• YOUR GOAL: Exercise in exact copying: restate word for word only the lines below from the one containing "pwndbg> heapinfo(0x20) fastbin[0]: 0x0(0x30)" through the one containing "This is the", omitting any pictures.
*** DATA ***
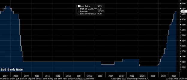 在8月份的通胀报告明显低于预期之后 – 消费者价格指数同比上涨6.7%,核心CPI同比上涨6.2% – 英国央行的货币政策委员会(MPC)以五比四的投票结果,维持了5.25%的存款利率。
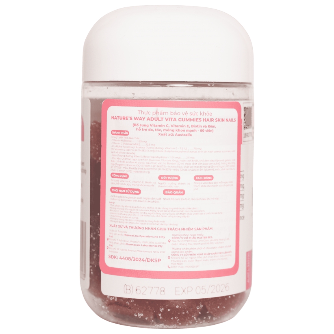 Adult Vita Gummies Hair Skin Nails – Bổ sung Vitamin C, E, Biotin và kẽm hỗ trợ da, tóc móng khỏe mạnh
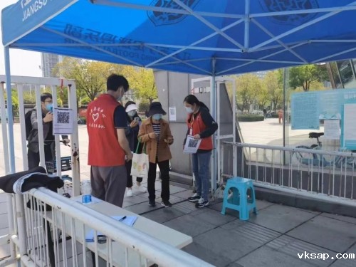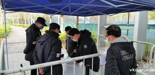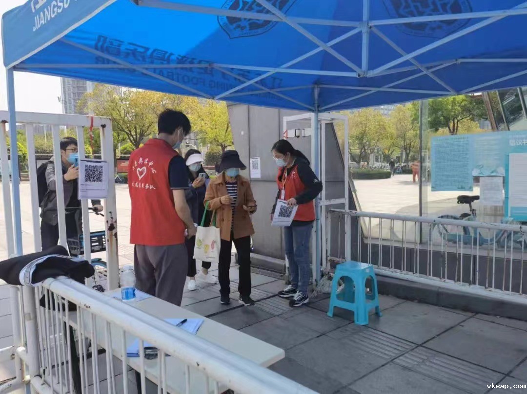 南京奥体中心组建一支志愿者服务队,组织员工轮流以志愿者的身份在园区各出入口、室外场地和办公商户出入口执行测温、验码、登记工作,向市民进行政府防疫政策的宣传解读和解疑释惑,有效缓解园区安保人员紧张的难题。
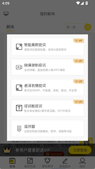 2、创建好台词后,点击开始提词,选择模式进行提词
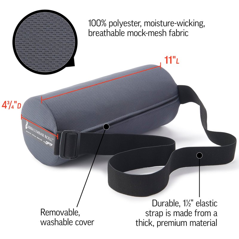For over 25 years, the OPTP Original McKenzie Lumbar Roll supports have helped hundreds of thousands achieve freedom from common low back pain. These lumbar rolls are the top-selling lumbar cushions, and the recommended choice of physical therapists, chiropractors, and back pain professionals around the world. Their durable, high-quality construction is unparalleled; they feature a non-wrinkle, moisture-wicking, 100% polyester removable cover. Despite many imitators on the market, the Original McKenzie Lumbar Roll remains the only lumbar support approved for use with the McKenzie Method and the “Treat Your Own” series of self-help exercise books written by the late Robin McKenzie, perhaps the single most influential person in orthopedic physical therapy. These lower back sciatica pain relief pillow supports are ideal in the car, at the office, or for use with any seat that does not provide adequate lumbar support. Whether used as a back support for office chair comfort, kitchen chair back support, or as a lumbar support pillow for car rides, they help ensure proper spine alignment and posture while sitting on your butt, providing comfortable back pain relief for the lumbar (low back) region. The built-in strap secures the lumbar roll to most chair backs and can even be used around the waist. Choose from standard density or firm density for added lower back support. Rolls measure approximately 11" L x 4.75" diameter. Strap contains latex. Made in the USA.
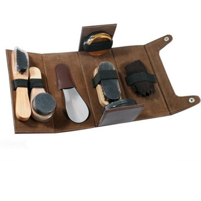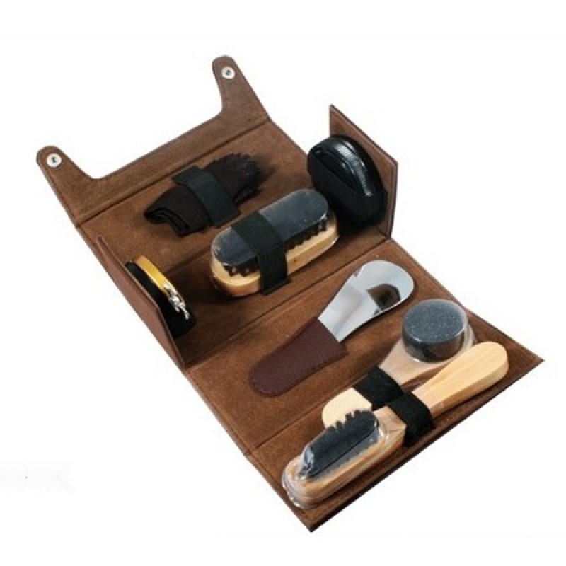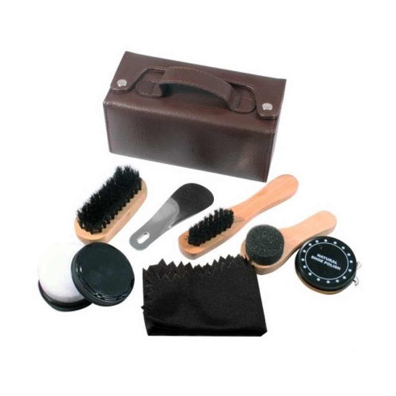 В наборе: крем для обуви, щетка, губка, тряпочка и лопатка.
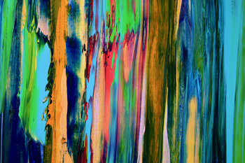 Anyone who had been to the botanical gardens in Hawaii remembers the exotic multi-colored Eucalyptus tree bark! It is unreal and actually looks like an abstract painting! This work is textured, layered and contemplative artwork with contrast and organic shapes. Most of the colors are the result of color blending using acrylic mediums, palette knife and acrylic paint.
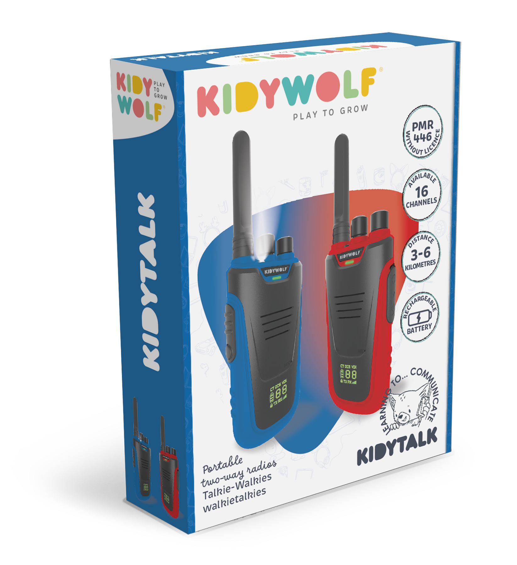 Met de Kidywolf Kidytalk walkie talkies blue-red zijn jong en oud klaar voor geweldige avonturen! Met een bereik van 6 km kan je ze gebruiken om buiten te spelen of om een geheim gesprek verder te zetten van op afstand. Deze portofoons hebben hun eigen op
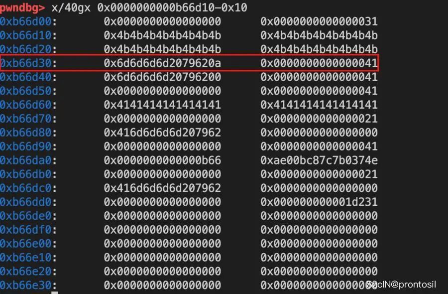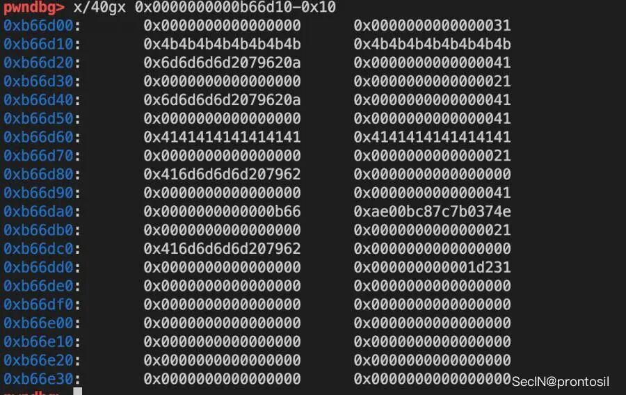 pwndbg> heapinfo(0x20) fastbin[0]: 0x0(0x30) fastbin[1]: 0x0(0x40) fastbin[2]: 0x0(0x50) fastbin[3]: 0x0(0x60) fastbin[4]: 0x0(0x70) fastbin[5]: 0x0(0x80) fastbin[6]: 0x0(0x90) fastbin[7]: 0x0(0xa0) fastbin[8]: 0x0(0xb0) fastbin[9]: 0x0top: 0x5555555593b0 (size : 0x20c50)last_remainder: 0x0 (size : 0x0)unsortbin: 0x0(0x90) tcache_entry[7](2): 0x555555559330 --> 0x7fffffffe508 --> 0x555555555410 (overlap chunk with 0x555555559320(freed) )
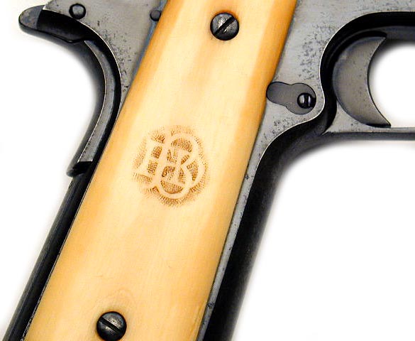 This is the first Government Model listed with ivory grips and is also the first of seven documented examples with factory monogrammed grips.
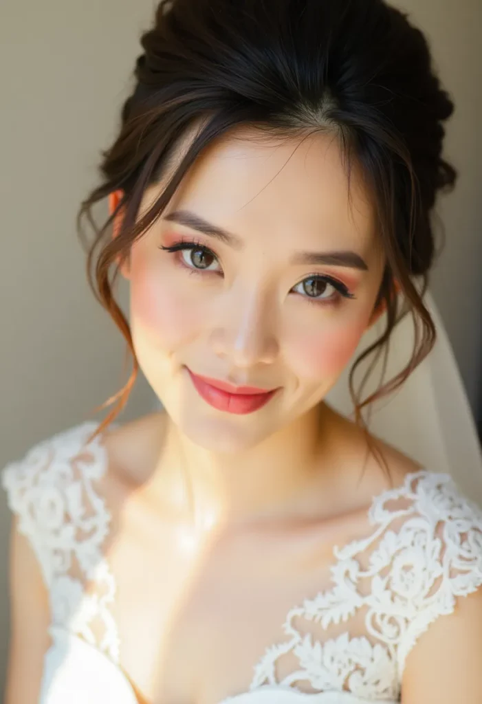 Create a romantic look with rose tones that warm up your features beautifully. Use soft rose-colored shadows on the eyes and pair them with a matching blush. A soft rose lipstick will complete the look, making it perfect for a romantic or vintage-themed wedding. This makeup style is all about soft hues that complement your natural beauty, ensuring you look effortlessly radiant on your special day.
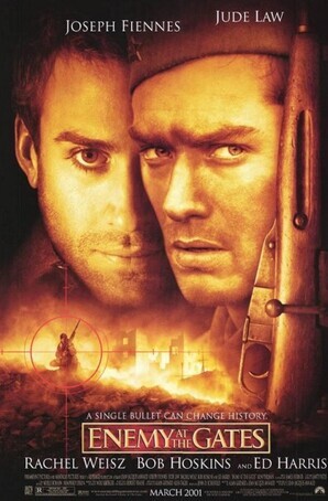 영화 <에너미 엣 더 게이트>는 2001년 03월 16일 미국에서 개봉한 전쟁 영화로, 제2차 세계 대전 중 독일군과 소련군 간의 전투를 다룬 작품이다. 영화는 스노 영워프 전투라는 실제 전투를 기반으로 하고 있으며, 러시아의 저명한 저격수 바시리 사피로프를 주인공으로 삼고 있다. 국내에서는 2001년 05월 19일 개봉하였으며 상영시간은 2시간 10분이며 상영 등급은 15세 이상 관람가 등급을 받았다. 출연한 배우로는 주드 로, 조지프 파인스, 레이철 와이즈, 밥 호스킨스 등이 출연하였다. 바시리는 독일군 저격수 라이히트 하우스와의 치열한 저격 대결에서 승리하기 위해 힘겹게 싸우며 전장에서 살아남으려 노력한다. 독일군은 누구나 바시리를 찾아 죽이기 위해 수배하고 있기 때문에, 바시리는 도시 전체를 뒤지며 생존에 필요한 모든 것을 모으는 등 매우 교활한 전투 기술을 사용한다. 이 영화는 전투 장면과 스토리가 매우 잘 연결되어 있으며, 촬영 장소와 연출이 신중하게 선택되어 전쟁이 어떤 모습으로 진행되는지 명확하게 보여준다. 주연 배우들의 연기 역시 매우 인상적이며, 특히 주인공인 바시리를 연기한 주연 배우 주드 로가 뛰어난 연기력을 보여준다. 전쟁 영화의 대표작 중 하나로 꼽히며, 저격수와의 대결을 중심으로 전장에서의 생존을 그린 인상적인 작품이다.
*** End of DATA ***
• FINAL ANSWER:
 pwndbg> heapinfo(0x20) fastbin[0]: 0x0(0x30) fastbin[1]: 0x0(0x40) fastbin[2]: 0x0(0x50) fastbin[3]: 0x0(0x60) fastbin[4]: 0x0(0x70) fastbin[5]: 0x0(0x80) fastbin[6]: 0x0(0x90) fastbin[7]: 0x0(0xa0) fastbin[8]: 0x0(0xb0) fastbin[9]: 0x0top: 0x5555555593b0 (size : 0x20c50)last_remainder: 0x0 (size : 0x0)unsortbin: 0x0(0x90) tcache_entry[7](2): 0x555555559330 --> 0x7fffffffe508 --> 0x555555555410 (overlap chunk with 0x555555559320(freed) )
 This is the first Government Model listed with ivory grips and is also the first of seven documented examples with factory monogrammed grips.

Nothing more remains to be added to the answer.